11.BÖLÜM

22 3 8
                                    

Medya: Mert Kaya

Meral'in anlatımıyla*

Atölyeye gittiğimde gördüğüm şeye her ne kadar inanmak istemesem de gerçekti. Mert delirmiş bir şekilde sarhoş olan Sarp'a yumruklar savuruyordu.

Ne yapacağımı bilmeden öylece duruyor ve onları izliyordum. Aklıma Fatih'i arayıp haber vermek geldi. Ellerim titreyerek rehberden numarayı bulup aradım.

"Alo?"
"Acilen buraya gelmeniz lazım!"
"Niye?"
"Mert burda ve galiba cinnet geçiriyo!"
"Nerdesin?"
"Atölyede."

Yine suratıma kapadı. Ama şu an onu dert edinenemeyecek durumdaydım.

Mert geri çekilip arkasını döndüğünde beni görüp gülümsedi. Ayakta zar zor duruyordu. Yoksa o da mı sarhoş?

Yere yığılır gibi oturduğunda yanına gittim. Giderken seslendim ama duymuyor gibiydi sanki.

"Mert, duyuyor musun beni?"
"Evet."

Sesi fısıltı gibi çıkmıştı. Yanına çömeldiğimde bayılmıştı. Belki kendine gelir diye bir iki kez vurdum ama nafileydi.

Onu orada bırakıp Sarp'ın yanına gittim. Bu çocuk ne hakla daha buraya geliyordu ki?

"Napıyorsun burda?"
"Seni bekliyorum güzelim" ağzını yayarak konuşuyordu.
"Sabah sabah niye bu kadar içip sarhoş oldun? Ya da niye direkt buraya geldin?"
"Dedim ya, seni görcem."
"Gördün işte, şimdi siktir git."
"Ama güzelim, sen bana yetmiyon ki!"

Güzelim dedikçe daha da sinir oluyordum.

"Ben senin güzelin değilim demedim mi sana?"
"Ah, neden ama!?" bir çocuk gibi dudak büzüyordu. Sinirden yüzüne bir tokat attım.
"Ah, yeter ama! Bi o lavuk bi sen!"

Cidden sağlam dövmüştü Mert. Kaşı patlamış, gözü morarmıştı.

"Çok güzel yapmış, ellerine sağlık."
"İnsan arkadaşını bu kadar çabuk satar mı be!?"
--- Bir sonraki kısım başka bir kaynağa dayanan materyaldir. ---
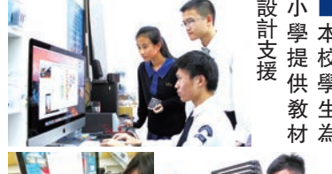
■STEM實驗計 ■融合視覺藝術與設計支援
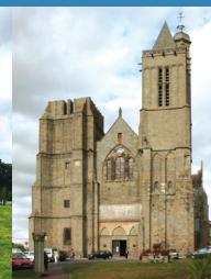
5 Cathédrale de Dol
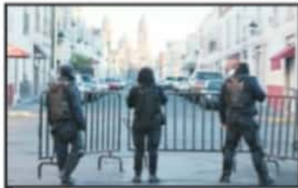
ELEMENTO DE LA POLICÍA RESGUARDARON ALGUNAS CALLES PARA EVITAR QUE LOS PUESTOS SE PUSIERAN

De acuerdo con datos de la Dirección de Mercados de la Secretaría de Servicios Públicos Municipales, los líderes tianguistas mantuvieron una reunión con autoridades estatales y municipales en las que se concedió permiso para que laboraran este 14 de febrero cumpliendo medidas como mantener una ocupación menor al 50 por ciento, reducir el número de entradas a la zona de venta, seguir un uso obligatorio de cubrebocas y guardar mayor distancia
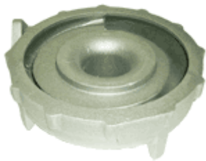
コンプレッサハウジング
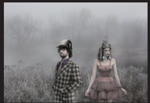
Chimera Music LLC

[THE GOASTT] ショーン・レンとシャーロット・ミュールのデュエット・バンド。 （=The Ghost Of A Saber Toothed Tiger）
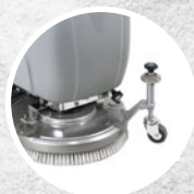
Ruedecilla externa para la regulación del cabezal en altura

Hybrid: el sistema innovador que asocia la alimentación eléctrica con la de batería (baterías de litio, hasta dos horas de autonomía y una hora de carga aproximadamente), capaz de garantizar la perfecta mezcla entre rendimiento, autonomía de uso y sesiones de trabajo prolongadas.
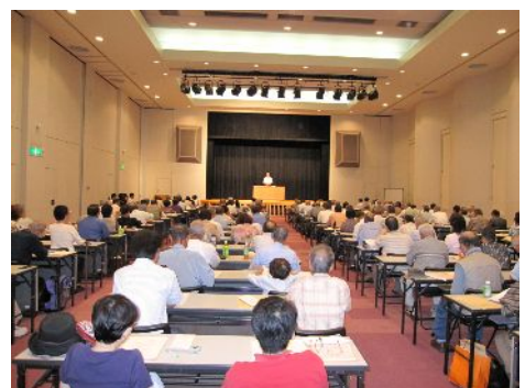
毎年6月に研修会を実施しています (写真は昨年度の様子)

また、年に一度研修会を開催しています。本年度は、新たに肝臓機能障害が追加された障害者手帳などの各種制度への習熟を図るほか、ロールプレイング研修を実施し、より身近で相談しやすい相談員を目指します。
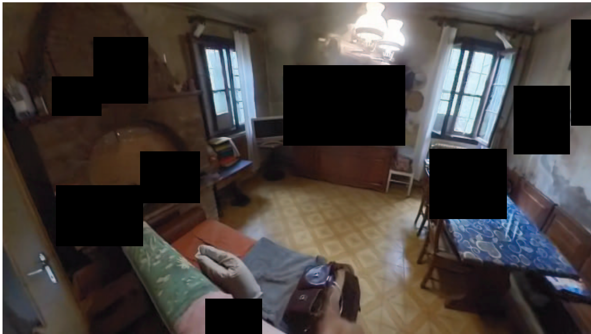
15 | Interni mappale 91/1 cucina pranzo
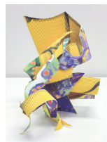
色面からの立体構成
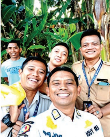
Swafoto usai proses pengambilan gambar.

Lucunya, meskipun banyak dari kami yang gagap akting, tidak ada satu pun yang mengeluh atau ngambek. Sebaliknya, kami justru saling menyemangati, membantu satu sama lain agar semua bisa berjalan lancar dan sesuai rencana, atau setidaknya, mendekati rencana.
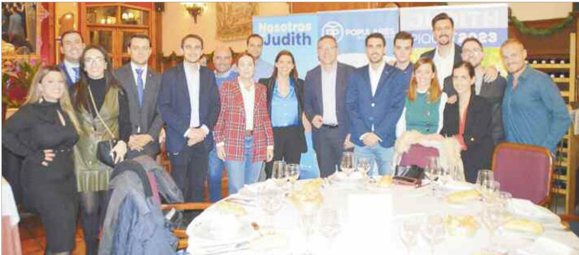
A la cena de Navidad de los Populares Complutenses asistieron varios miembros del Gobierno de la Comunidad de Madrid
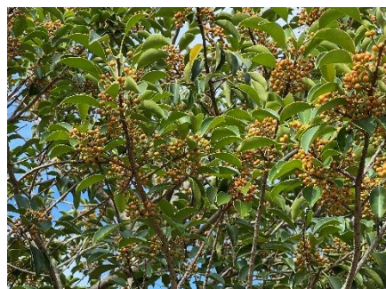
クロガネモチ（黄色実）
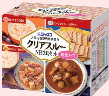
クリアスルー NB 3食セット 增量タイプ
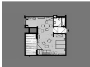
Appartement auf einer Ebene
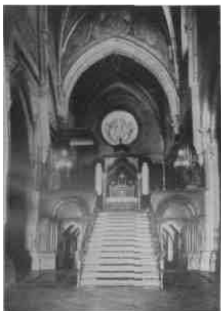
A pannonhalmi apátság templomának belseje
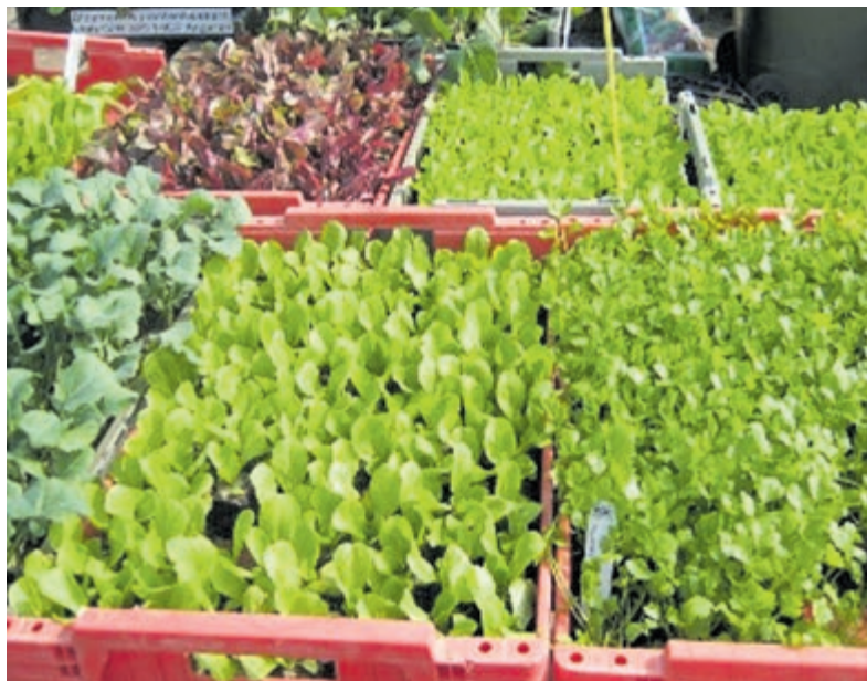
Open Dag bij tuindersvereniging BATV. Foto aangeleverd.

pannenkoeken en is er koffie, thee en limonade verkrijgbaar. Tuincentrum de Oosteinde heeft drie prijzen beschikbaar gesteld voor de winnaars van de fotowedstrijd. Vanaf 15 uur wordt de middag afgesloten met gratis frisdrank, wijn of een biertje. Tot ziens op 8 juli aan de Zandlaan 250 meter voorbij nummer 36 in Bennebroek.
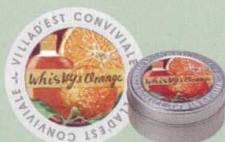
KC440-1 フレーバーティー 683円(本体 650円) 「ウイスキー&オレンジ」(30g)オリジナル缶入り(7.5cm) スモーキーで深みのあるウイスキーに柑橘系 フルーツを添えて、さっぱりと仕上げました。 フルーツを使ったアレンジティーに良く合います。 オレンジやストロベリーやリンゴのスライスを浮かべると。
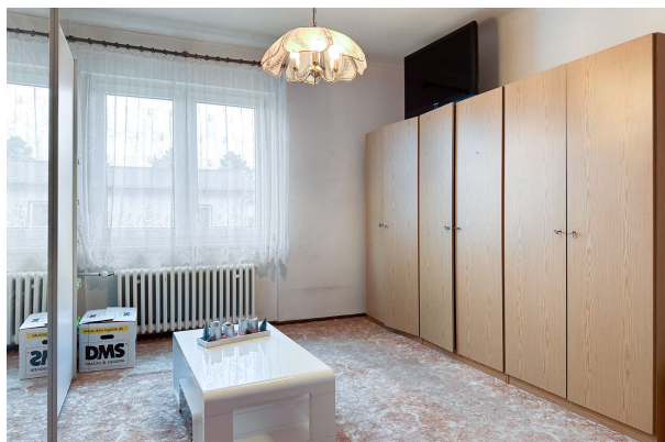
Zimmer 2 OG

Ihre neues Heim auf sonnigem Grundstück mit viel Potential, im begehrten Märchenviertel! Obj 8251
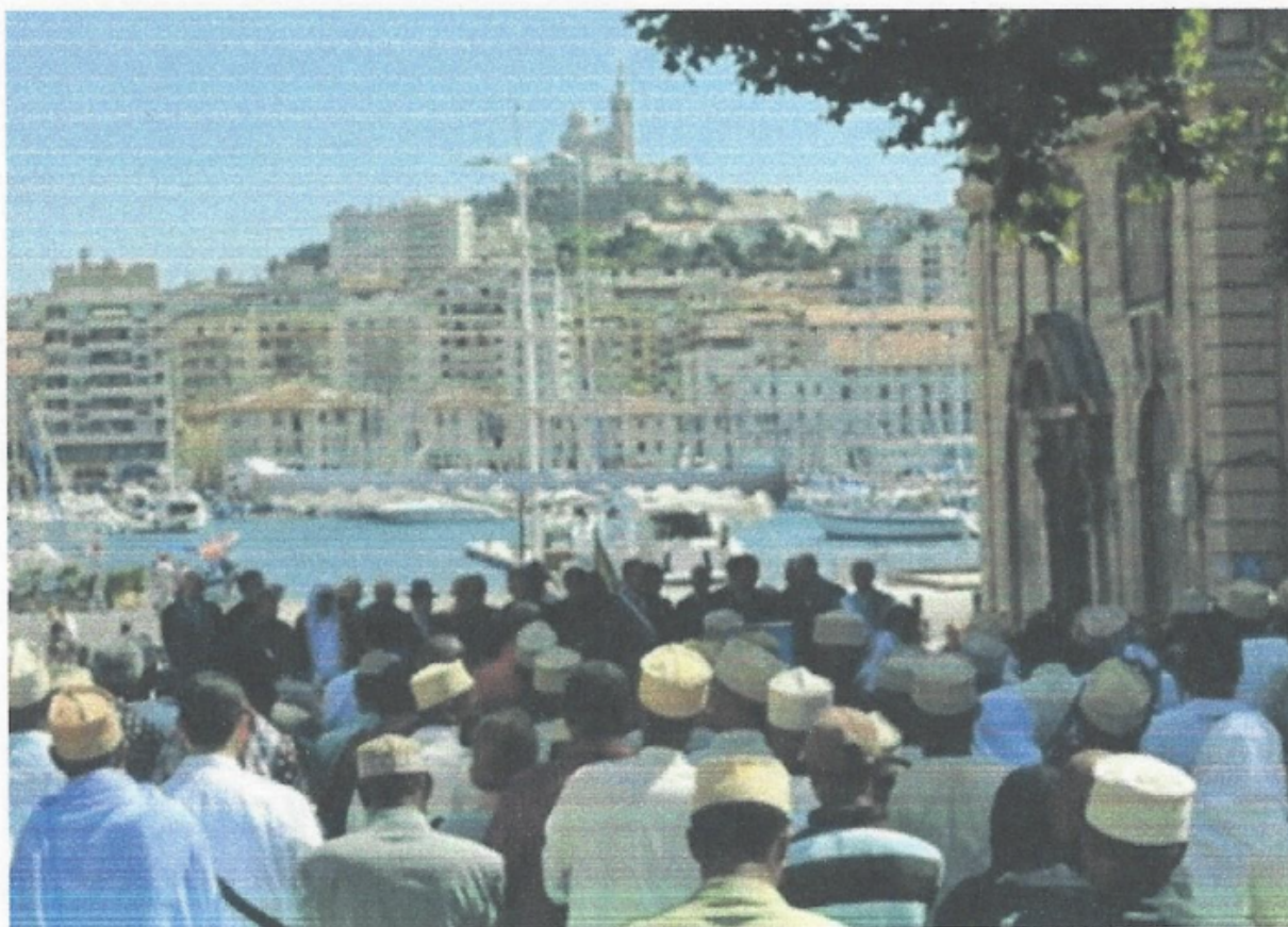
Un rassemblement de Comoriens à Marseille/DR
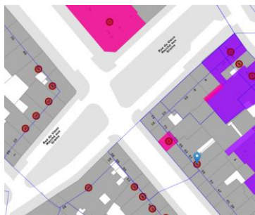
Localisation du projet

En réponse à votre courrier du 06/08/2024, nous vous communiquons l'avis émis par la CRMS en sa séance du 21/08/2024, concernant la demande sous rubrique.
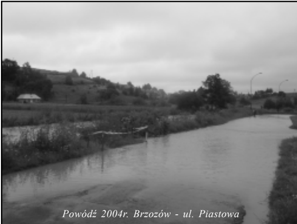
Powódź 2004r. Brzozów - ul. Piastowa

Po powodzi, jaka pod koniec lipca br. wystąpiła na terenie powiatu brzozowskiego, w sierpniu br. zaszła konieczność wykonania powtórnych remontów cząstkowych nawierzchni dróg smołowych masą asfaltową. Na drogach o słabej nawierzchni powstały nowe wyboje, w związku z czym wyremontowano 11 odcinków dróg, na co nałożono 60 ton masy asfaltowej na garąco.
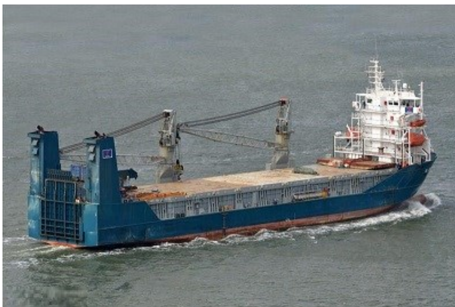
Slika 12. RO – LO brod

Pored klasičnih RO – RO, i LO – LO tehnologija prijevoza koje ću se dotaknuti u nastavku, postoji i kombinacija tih dviju tehnologija pod nazvom RO – LO, iliti Roll on – Roll off/ Lift on – Lift off , koja je kombinacija vertikalnog i horizontalnog iskrcaja i ukrcaja na specijalnim izrađenim brodovima koji sadrže tehnološke i tehničke značajke RO – RO i LO – LO brodova. Karakteristika RO – LO brodova je istovremeni ukrcaj i iskrcaj tereta, a ovisno o strukturi tereta odlučuje se koja će se tehnologija prijevoza koristiti u brodskom prostoru. S obzirom da je ove brodove teže i zahtjevnije napraviti, uveliko su skuplji od RO – RO i LO – LO brodova.
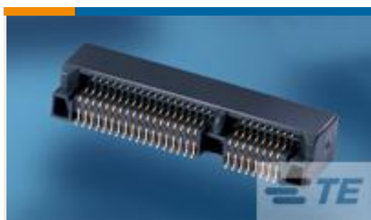
TE 零件编号1775862-2 mSATA/mini PCI-E 5.2H Type I G/F
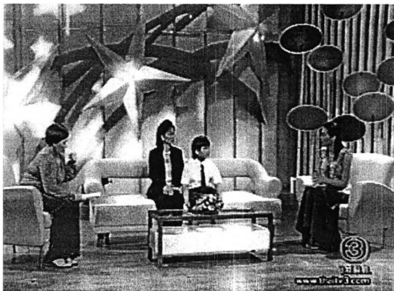
ภาพที่ 1 การจัดฉากหลักของรายการสมาคมชมดาว

คือ ดาวดวงใหญ่ๆพาดบนเส้นสีฟ้าเข้ม เข้ากับแนวคิดของรายการที่เปรียบเสมือนเส้นทางของ ดวงดาว
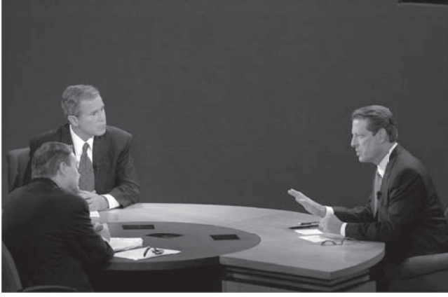
شكل ٥-٣: رئيس الجلسة جيم ليهير وجورج دبليو بوش يستمعان للمرشح الديمقراطي آل جور فيما يجيب عن سؤال خلال المناظرة الرئاسية في كنيسة ويت بجامعة ويك فورست في أكتوبر ٢٠٠٠. (Wait Chapel, NC, Wake Forest University)

ستنفق أموال طائلة في الانتخاب العام. نحن نعرف أن الحزبين سيتلقيان تمويلًا حكوميًا بعشرات الملايين، لكن ما لا نعرفه هو ما إذا كان المتسابقان سيقبلان التمويل الحكومي أم سيخوضان الانتخابات باستخدام أموال خاصة، ومن ثم يتجنبان أي قيود على الإنفاق. ونحن نعرف أن الحزبين السياسيين الكبارين وآخرين سيساهمون أيضًا، لكننا لا نعرف كيف سيفعلون ذلك، وكم سينفقون، وما سيكون لذلك الإنفاق من أثر. أخيرًا، نحن نعرف بشيء من اليقين أن ما يزيد قليلًا عن نصف الناخبين المؤهلين سيدلون بأصواتهم على أكثر تقدير، وهي نسبة ضعيفة إذا أخذنا في اعتبارنا أن نحو ٧٥ في المائة من الناخبين المؤهلين في المتوسط يدلون بأصواتهم في الديمقراطيات الأشد حداثة، حتى مع استبعاد الديمقراطيات التي يكون التصويت فيها إلزاميًا. وبينما يشير المواطنون في الولايات المتحدة إلى ديمقراطيتهم باعتزاز، وبينما يعمل رئيس الجمهورية دأبًا على تصدير الديمقراطية الأمريكية، فلا ريب أن بعض جوانب النظام تخفق في بلوغ المثل الأعلى الذي ينبغي أن تناضل لبلوغه أي ديمقراطية فعالة بحق.
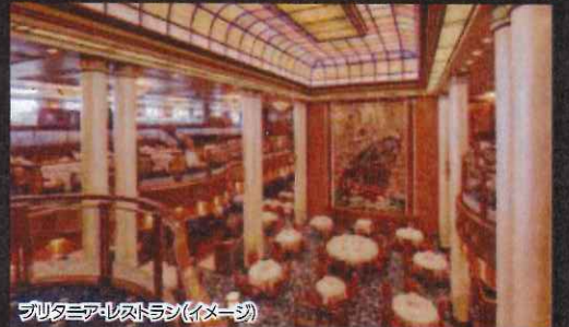
プラチミアレストラン(イメージ)

【別途費用】政府関連諸税13,767円、関西空港施設利用料3,040円、 燃油サーチャージ3,600円(2018年10月1日現在)
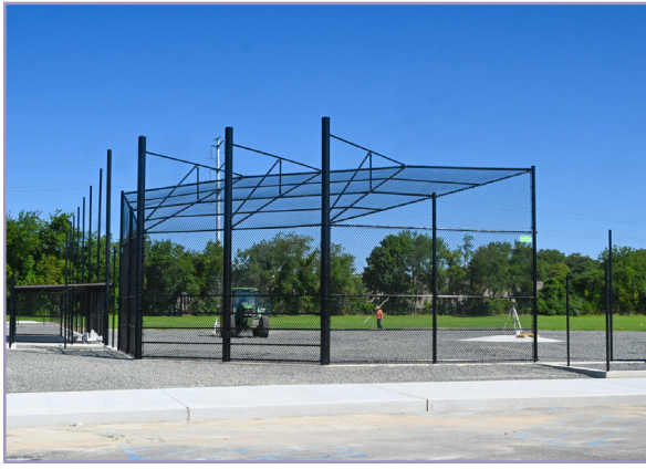
Espacios exteriores mejorados
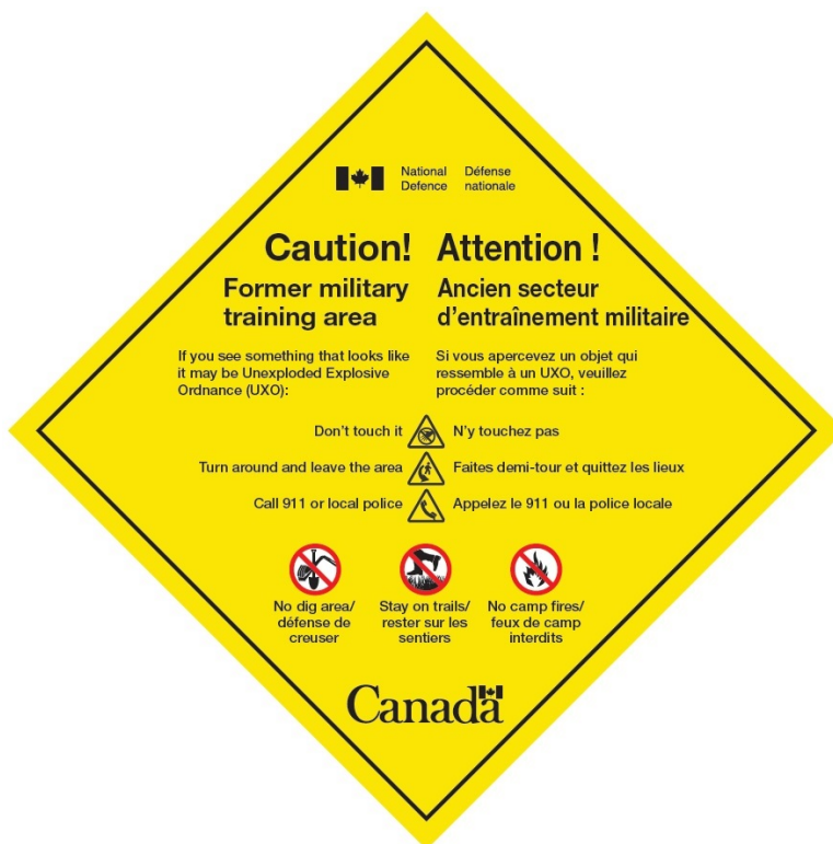
Figure 2 – Panneau de sécurité UXO
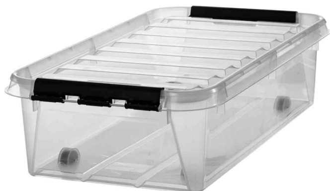
Aufbewahrungsbox CLASSIC 35, schwarze Klippverschlüsse
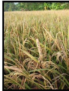
1.00 dosis NPK + 1.00 dosis pupuk SIMBIOS
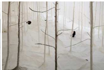
栗林隆 《ヴァルト・アウス・ヴァルト(林による林)》2010 個人蔵
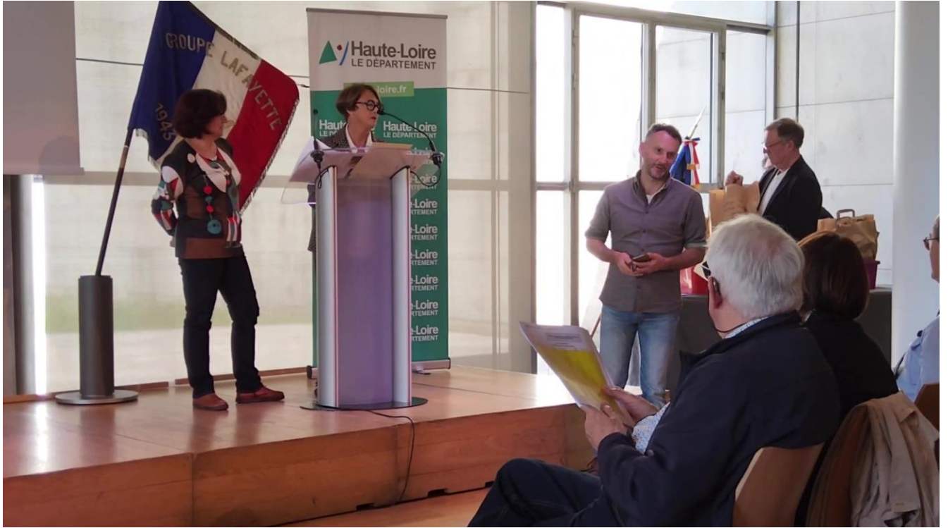
Le public de l'espace Jacques Barrot de l'Hôtel du département
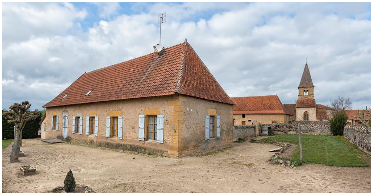
Façade postérieure de la maison. A l'arrière-plan, l'ancienne église paroissiale de Changy. 71, Changy, lieudit : le Vieux Bourg

N° de l'illustration : 20197100753NUC4AQ
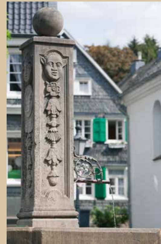
Brunnen auf dem Marktplatz Solingen-Gräfrath
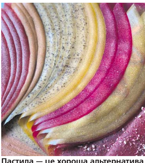
Пастила — це хороша альтернатива перекусу. Її зручно довго зберігати і мати біля себе. Вона не займає багато місця, не швидко псується
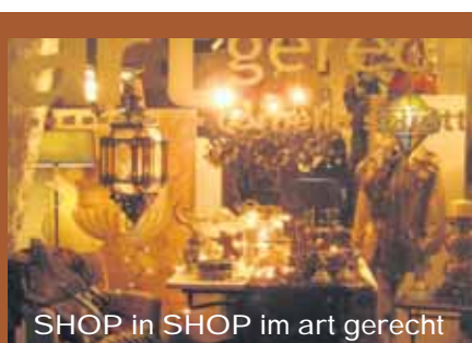
SHOP in SHOP im art gerecht
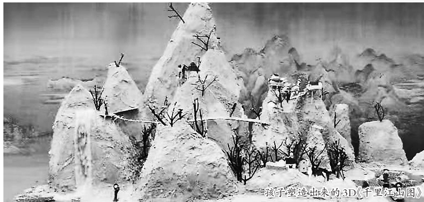
孩子塑造出来的3D《千里江山图》

记者了解到,“慢视界美术教育”秉承“创新、前沿”理念,打破传统单一架上绘画的展览形式,采用“学生体验、作品立体直观、社会参与”三位一体灵活多变的多种展览形式,在展览中不断拓宽材料、内容、主题与形式的表现空间,不仅让人耳目一新,还能调动所有观者积极参与其中,形成社会美育的良好效应。
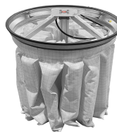
PSC Scuotifiltro Pneumatico
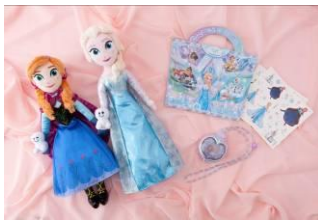
ぬいぐるみ 各 3,500 円 ノート&シールセット 1,000 円 ライティングペンダント 1,800 円
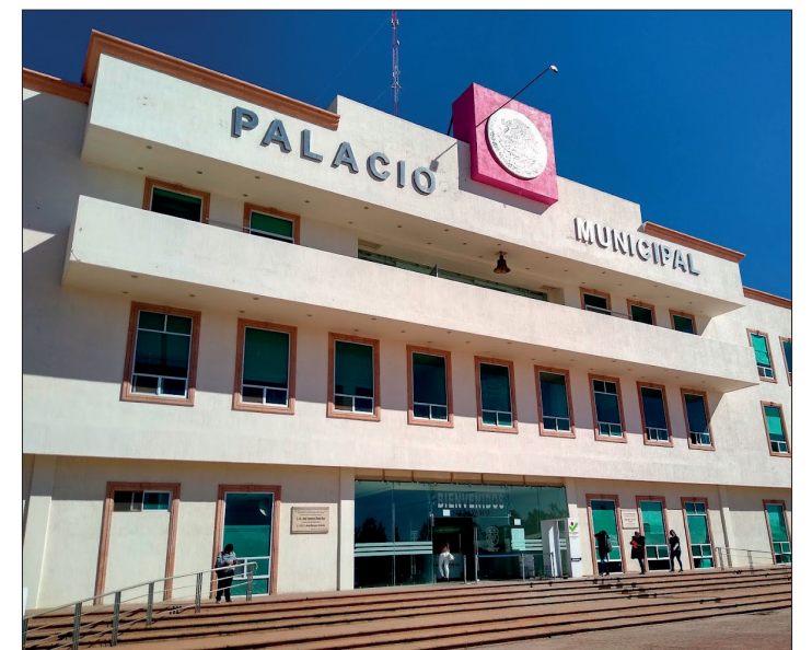
▲ El ayuntamiento informó que son casi 20 atracciones para la celebración a la niñez.

Al momento de ingresar se colocará a cada niño una pulsera que será canjeable por un regalo sorpresa al salir.
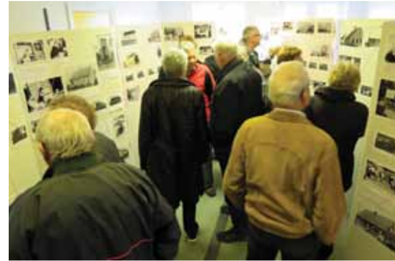
Herover: Udstilling om butikkerne på Landevejen i arkivets lokaler på Friskolen i Jordløse. 2015.

tede vi så arkivets indhold op på skolen i det nye arkiv.
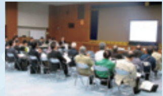
▲市民説明会の様子

そして、平成27・28年度に基本・実施設計を作成し、今日に至っています。また、本事業を進めるにあたっては、「市民に開かれた新庁舎」の実現のため、市民説明会や市民ワークショップなどを開催し、市民の皆さんのご意見を丁寧にお伺いし、でき得る限り活用させていただいています。現在も引き続き、市民の皆さんのご意見をお待ちしておりますので、お気軽にお寄せください。

Ben Sarp'la uğraşırken atölyenin önünde bir araba durdu. İçinden Ufuk, Fatih ve tanımadığım biri indi.

Bana hiç bakmadan direkt Mert'in başına koştular. Ben de Sarp'ı kendi haline bırakıp onların yanına gittim. Ufuk telaşlı bir şekilde Mert'i ayıltmaya çalışıyordu.

"Meral ne oldu burda?"
"Bilmiyorum, geldiğimde ikisi kavga ediyordu, sonra Mert bayıldı birden."
"Tamam." sonra diğerlerine döndü "Hadi yardım edin de arabaya taşıyalım."

Mert'i kollarından ve bacaklarından tutup arabaya taşıdılar. Ben, Mert ve kim olduğunu bilmediğim kişi arka koltukta; Ufuk şoför koltuğunda, Fatih de ön koltukta oturmuş tahminimce hastaneye gidiyorduk.

Biraz gittikten sonra bir kliniğin önünde durduk. Benimle arka koltukta giden kişi arabadan indi ve içeri dalıp dışarı bir hemşire ve sedyeyle beraber çıktı.

Onun çıktığını görünce Fatih ve Ufuk da Mert'i alıp sedyeye yatırdılar.

"Ne oldu?"

Bu sefer de hemşireye her şeyi dün geceden itibaren olduğu gibi anlattım.

"Peki o aralıkta nereye gitmiş olabilir?"
"Bilmiyorum"
"Aslında, babasının yanına gitmiş olabilir."
"Siz hastanın nesi oluyordunuz?"
"Ben kuzeniyim."
"Peki, hastayı şimdi muayeneye alacaklar. Ayılana kadar pek bir şey yapamayız, mecburen ayılmasını bekleyeceğiz."

Hemşire gittikten sonra dev kadromuzla beraber öylece beklemeye başladık.

"Meral"
"Evet?"
"Sen Sarp'la ne konuşuyordun?"
"Siktirip gitmesini söylüyordum. Napıcan?"
"Hiç, merak ettim."
"Bir şey sorucam, Mert'e tam olarak noluyo, biriniz anlatabilir mi?"